● **What the exercise asks**:
Below is a listing. Write out exactly its lines between the one holding "We seem to be" and the one holding "Poches fourre-tout à", inclusive.

● **Record excerpts**:
########

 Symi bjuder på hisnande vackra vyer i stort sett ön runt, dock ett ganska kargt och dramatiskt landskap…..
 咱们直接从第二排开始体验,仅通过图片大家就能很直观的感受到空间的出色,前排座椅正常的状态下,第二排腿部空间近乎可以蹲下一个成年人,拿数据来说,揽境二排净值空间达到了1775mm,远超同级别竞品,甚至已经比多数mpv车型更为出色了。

########

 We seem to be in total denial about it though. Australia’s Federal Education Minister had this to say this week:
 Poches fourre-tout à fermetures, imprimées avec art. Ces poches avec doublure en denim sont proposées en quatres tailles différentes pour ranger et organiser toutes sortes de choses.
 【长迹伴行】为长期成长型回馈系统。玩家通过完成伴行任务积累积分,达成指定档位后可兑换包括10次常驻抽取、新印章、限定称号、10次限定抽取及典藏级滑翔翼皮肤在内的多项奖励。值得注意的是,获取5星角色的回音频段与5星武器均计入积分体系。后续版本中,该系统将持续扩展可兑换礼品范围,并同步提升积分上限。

########

● **Task solution**:
 We seem to be in total denial about it though. Australia’s Federal Education Minister had this to say this week:
 Poches fourre-tout à fermetures, imprimées avec art. Ces poches avec doublure en denim sont proposées en quatres tailles différentes pour ranger et organiser toutes sortes de choses.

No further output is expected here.